>>>
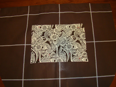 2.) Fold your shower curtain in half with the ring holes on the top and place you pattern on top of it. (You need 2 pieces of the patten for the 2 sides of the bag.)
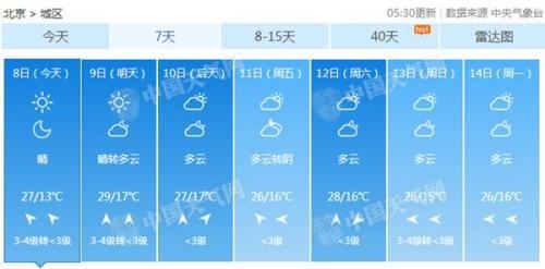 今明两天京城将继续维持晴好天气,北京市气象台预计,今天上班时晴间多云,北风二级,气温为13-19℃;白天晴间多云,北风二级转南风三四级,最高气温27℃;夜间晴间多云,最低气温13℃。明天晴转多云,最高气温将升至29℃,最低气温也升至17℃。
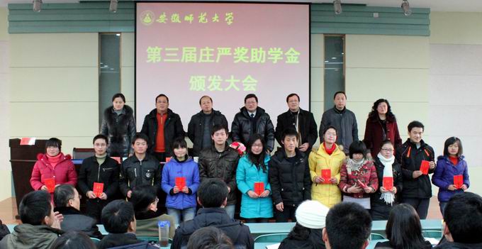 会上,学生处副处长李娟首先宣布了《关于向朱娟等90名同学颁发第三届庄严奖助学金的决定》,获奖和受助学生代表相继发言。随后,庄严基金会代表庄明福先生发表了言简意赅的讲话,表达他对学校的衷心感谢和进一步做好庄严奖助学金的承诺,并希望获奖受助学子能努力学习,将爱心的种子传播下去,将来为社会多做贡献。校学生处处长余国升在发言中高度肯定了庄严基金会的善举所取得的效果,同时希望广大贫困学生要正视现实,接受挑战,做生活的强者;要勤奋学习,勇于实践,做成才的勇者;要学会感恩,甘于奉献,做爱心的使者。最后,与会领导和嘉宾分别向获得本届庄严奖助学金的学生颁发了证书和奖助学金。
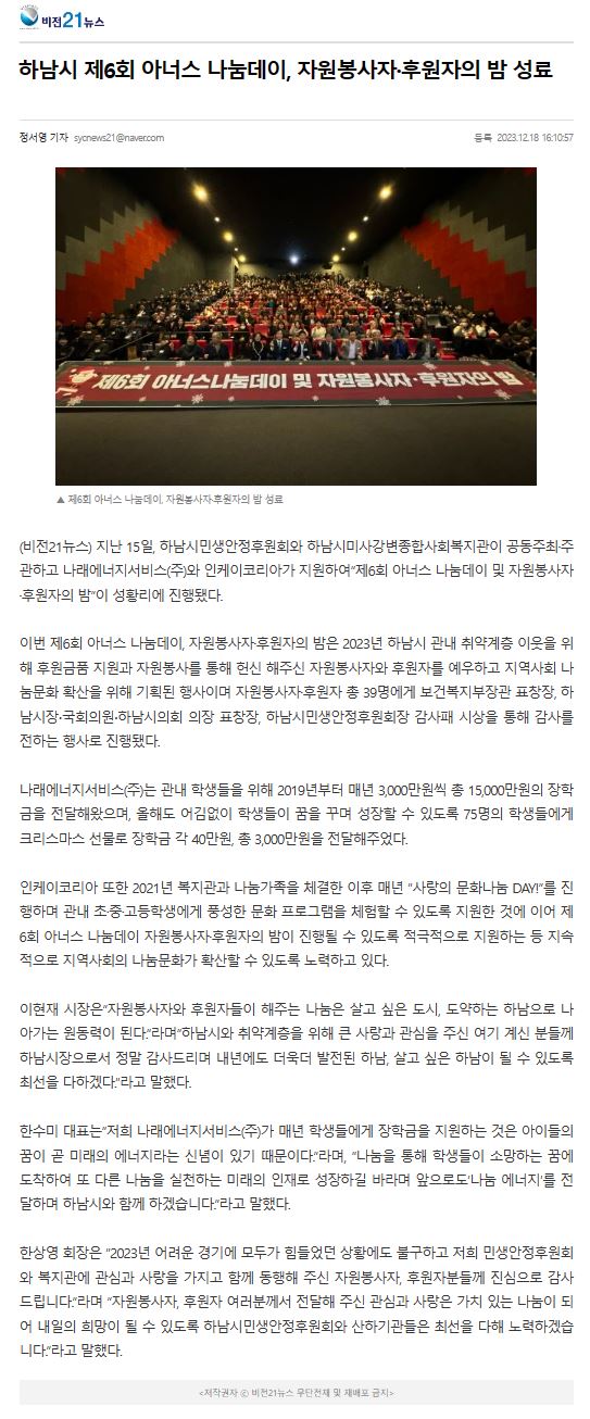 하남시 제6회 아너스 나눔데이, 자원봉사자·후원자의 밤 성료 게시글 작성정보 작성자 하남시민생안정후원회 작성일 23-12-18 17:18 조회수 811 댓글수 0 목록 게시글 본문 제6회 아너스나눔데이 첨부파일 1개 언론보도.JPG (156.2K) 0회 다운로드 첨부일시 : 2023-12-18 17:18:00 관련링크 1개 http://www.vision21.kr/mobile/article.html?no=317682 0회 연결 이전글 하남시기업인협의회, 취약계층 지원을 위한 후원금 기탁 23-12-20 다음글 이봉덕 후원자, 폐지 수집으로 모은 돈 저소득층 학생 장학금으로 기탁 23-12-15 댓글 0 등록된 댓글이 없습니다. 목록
<<<
>>>
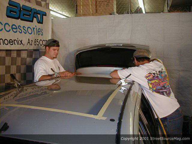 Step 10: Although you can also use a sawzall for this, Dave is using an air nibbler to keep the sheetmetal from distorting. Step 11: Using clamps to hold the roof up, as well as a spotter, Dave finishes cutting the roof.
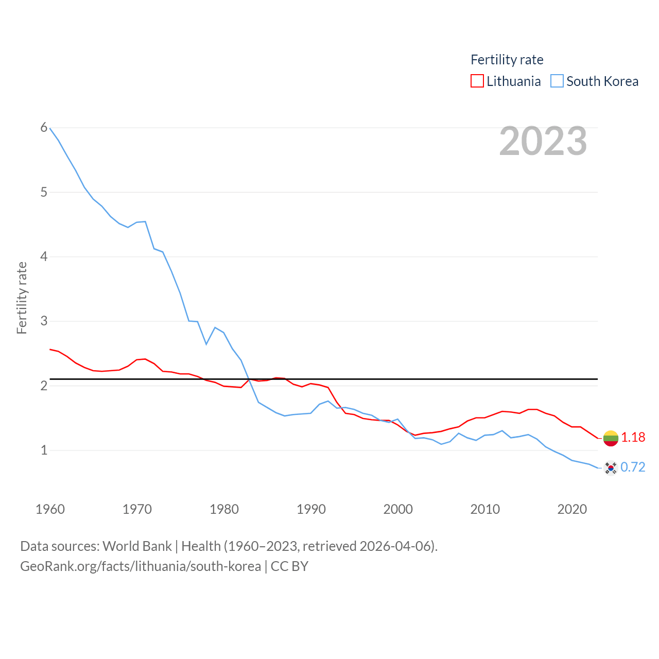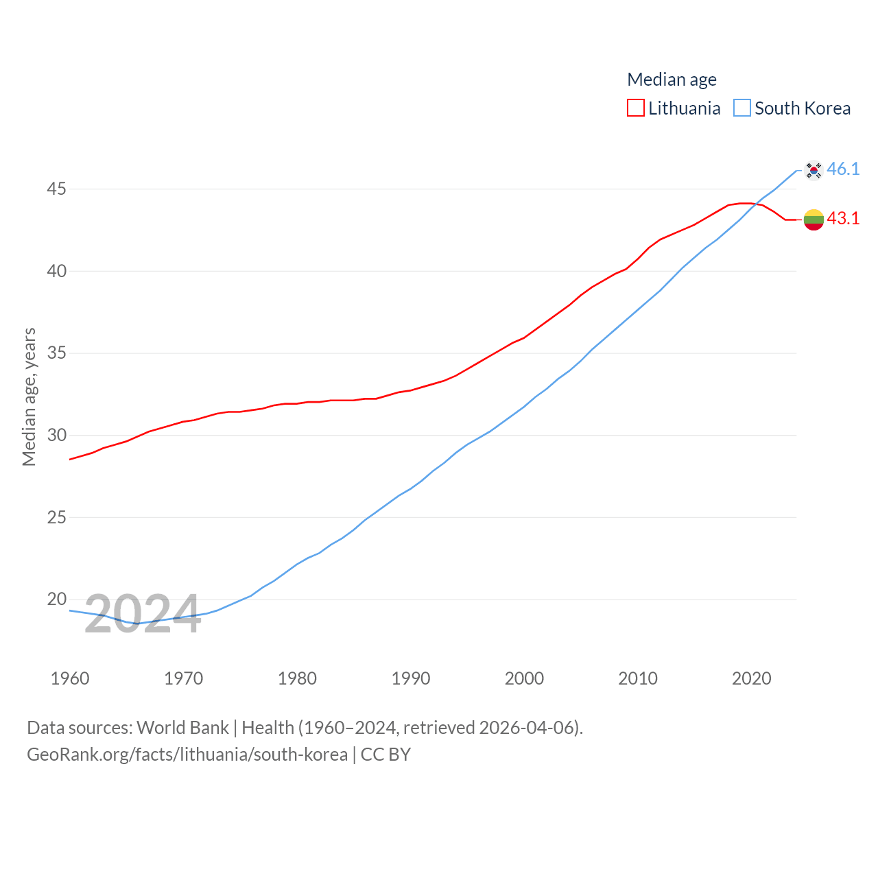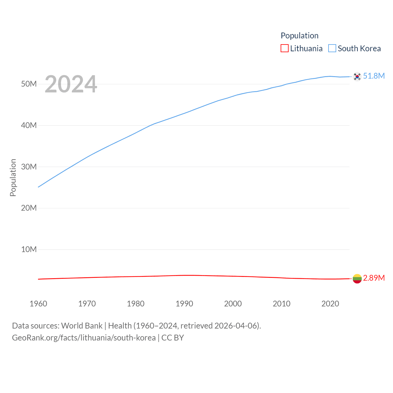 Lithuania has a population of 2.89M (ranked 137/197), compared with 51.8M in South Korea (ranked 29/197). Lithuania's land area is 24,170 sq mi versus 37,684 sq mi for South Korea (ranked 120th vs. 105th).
<<<
>>>
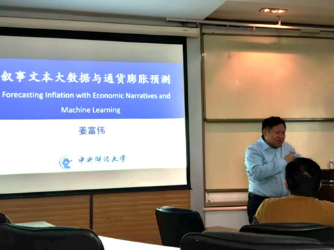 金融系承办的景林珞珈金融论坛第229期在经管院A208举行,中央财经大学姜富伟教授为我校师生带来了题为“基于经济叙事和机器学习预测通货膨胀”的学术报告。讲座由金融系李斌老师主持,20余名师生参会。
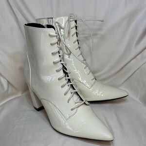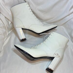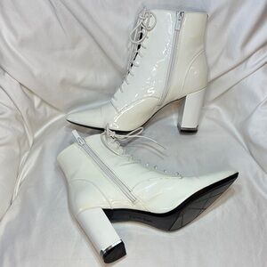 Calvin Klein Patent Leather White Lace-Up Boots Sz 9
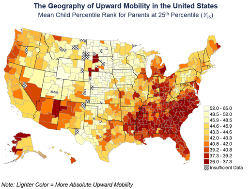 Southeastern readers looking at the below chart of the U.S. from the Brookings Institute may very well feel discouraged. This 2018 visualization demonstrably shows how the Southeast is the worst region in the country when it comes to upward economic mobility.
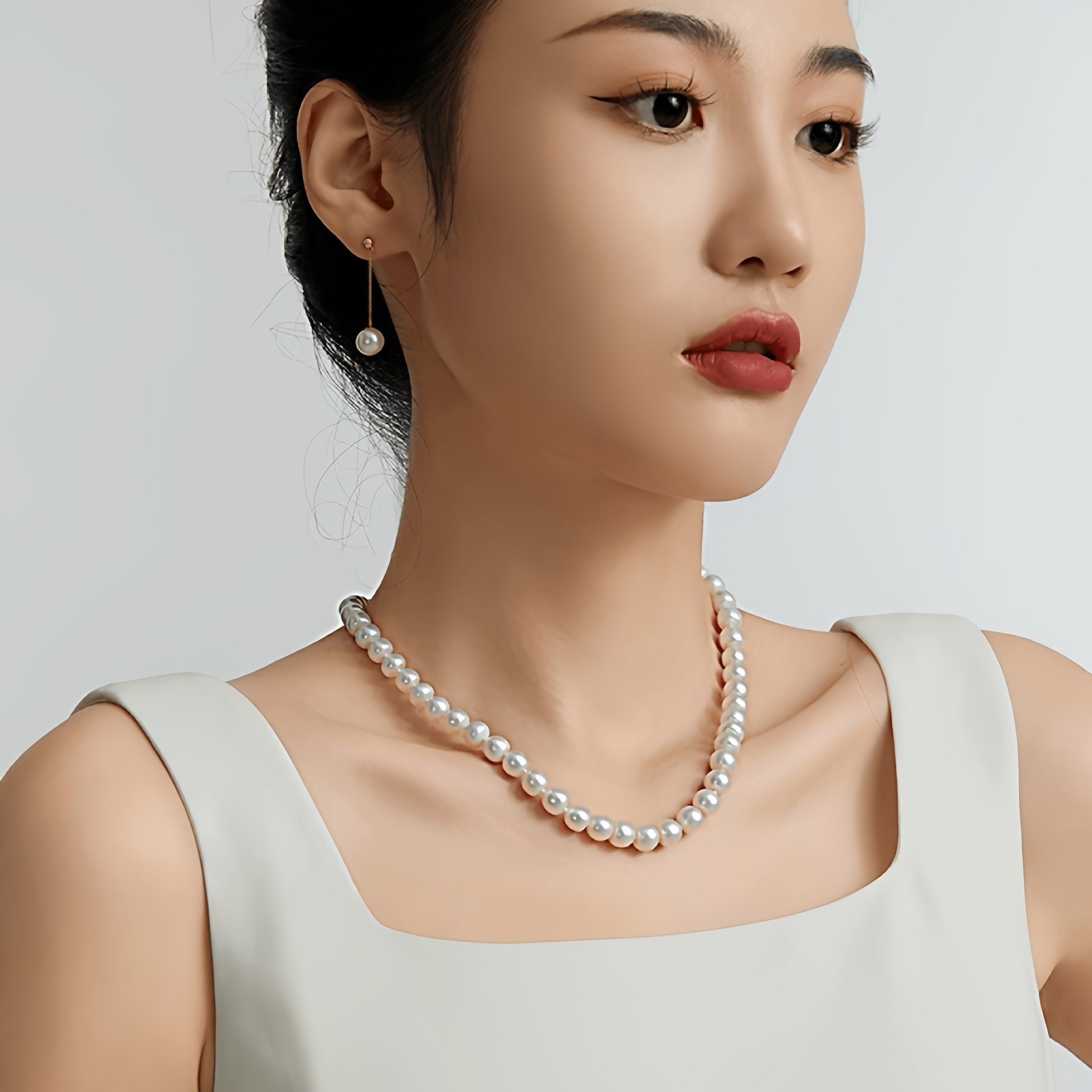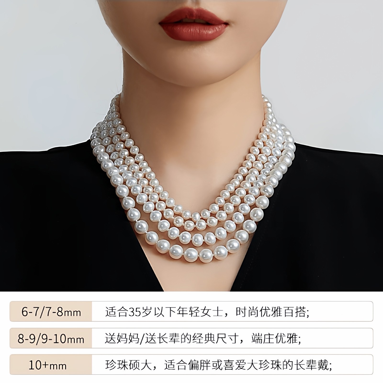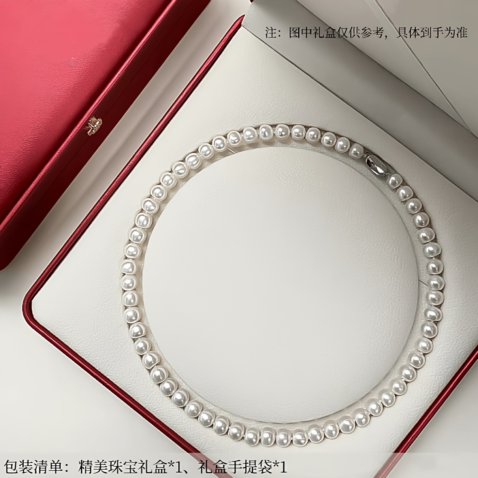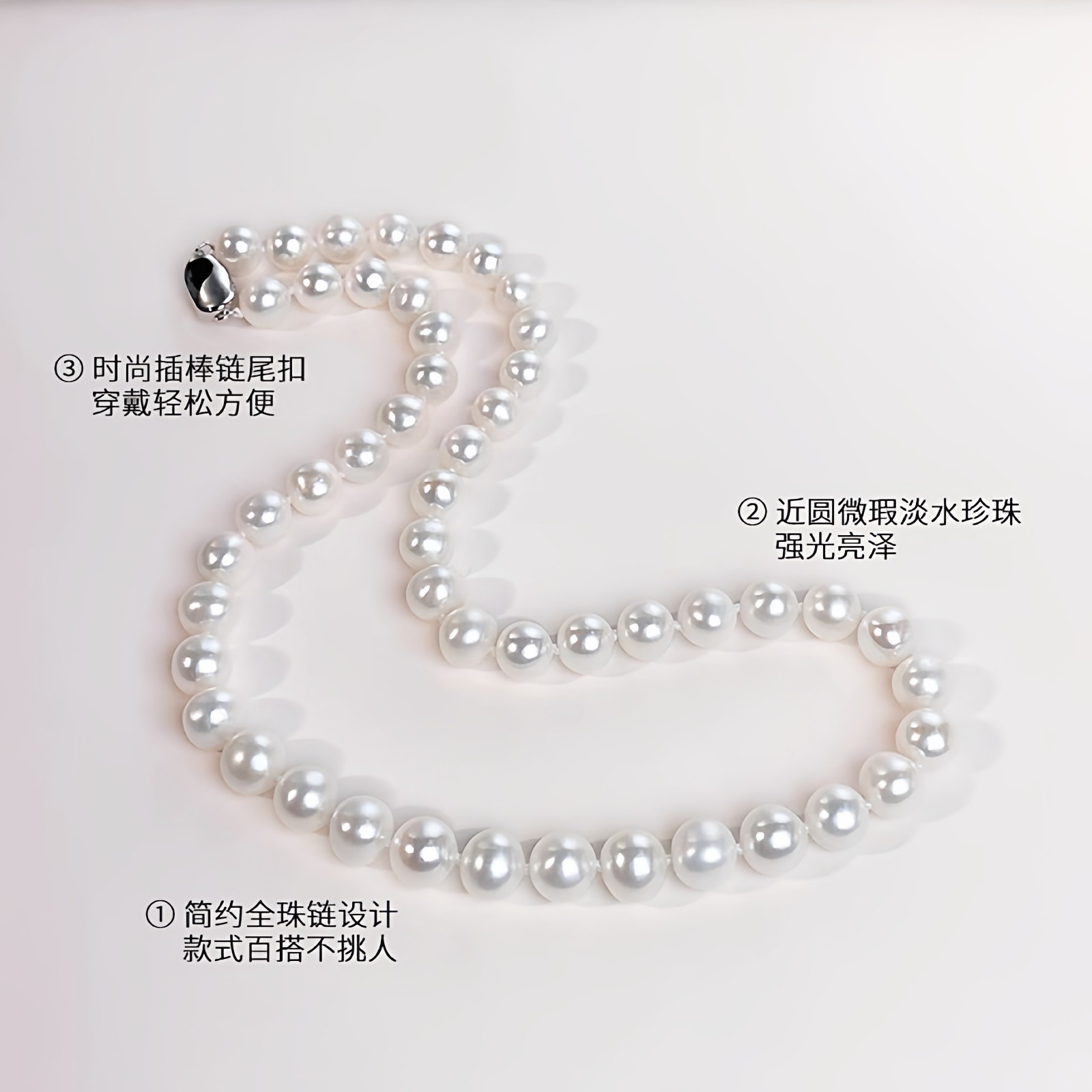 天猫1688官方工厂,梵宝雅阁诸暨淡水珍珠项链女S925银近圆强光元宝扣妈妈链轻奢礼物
<<<
[What the task asks]: Going by the entries above, repeat exactly the lines that start at the line with "2.) Fold your" and go on through the line with "今明两天京城将继续维持晴好天". Pictures are not part of the copy.

[Answer section]:
 2.) Fold your shower curtain in half with the ring holes on the top and place you pattern on top of it. (You need 2 pieces of the patten for the 2 sides of the bag.)
 今明两天京城将继续维持晴好天气,北京市气象台预计,今天上班时晴间多云,北风二级,气温为13-19℃;白天晴间多云,北风二级转南风三四级,最高气温27℃;夜间晴间多云,最低气温13℃。明天晴转多云,最高气温将升至29℃,最低气温也升至17℃。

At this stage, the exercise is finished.